Imperfect Commitment in Maximal Extractable Value Auctions

TL;DR

This paper analyzes the commitment problem in Ethereum MEV auctions, modeling builder defection behavior and its impact on auction outcomes, with empirical estimates from real data.

Contribution

It introduces a model of builder defection in MEV auctions, quantifies its effects, and provides empirical estimates using the libmev dataset.

Findings

Sandwich opportunities are highly competitive.

Naked arbitrage and liquidations are more susceptible to builder defection.

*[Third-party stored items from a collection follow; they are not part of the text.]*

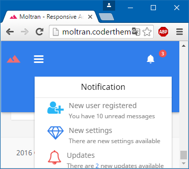我最近买了莫特兰,这很好,但有一个很大的缺点:通知菜单消失在移动设备上,这对我来说不合适。因此,我了解到,可以删除li notification元素的隐藏-xs类。这将把<li class="dropdown hidden-xs open">转换为<li class="dropdown open">,它工作得很好。
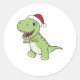 Adesivo Redondo Dinossauro Natal Neve Inverno T-Rex Dino
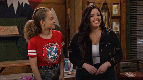 Ava King and Shelby Simmons from Bunk'd react with 'COOL, COOL' in a cabin setting.

Effective MEV auctions require both format and constraints on builder behavior.

Abstract

Ethereum block builders run sealed auctions among searchers, but nothing in the protocol forces a builder to honor the auction outcome after observing submitted bundles. This paper studies the commitment problem. We model a builder who defects with probability $\varepsilon$ and, upon defection, replicates a type-specific fraction $\gamma(\tau)$ of the winning MEV opportunity. Searchers anticipate this behavior and choose between a risky first-price bid and a safe deterrence bid that makes frontrunning unprofitable. The resulting equilibrium is piecewise, with the cost of imperfect commitment depending jointly on replicability and competition. Using the \texttt{libmev} dataset, we estimate $\gamma(\tau)$ from right-tail bribe plateaus and decompose observed auction revenue against the surplus a defecting builder could capture. The results show sharp heterogeneity across MEV types: sandwich opportunities are already highly competitive, while naked arbitrage and liquidations leave substantially more surplus exposed to builder defection. Credible MEV auctions, therefore, require not only an auction format, but also constraints on the builder's ability to use observed bid and payload information ex post.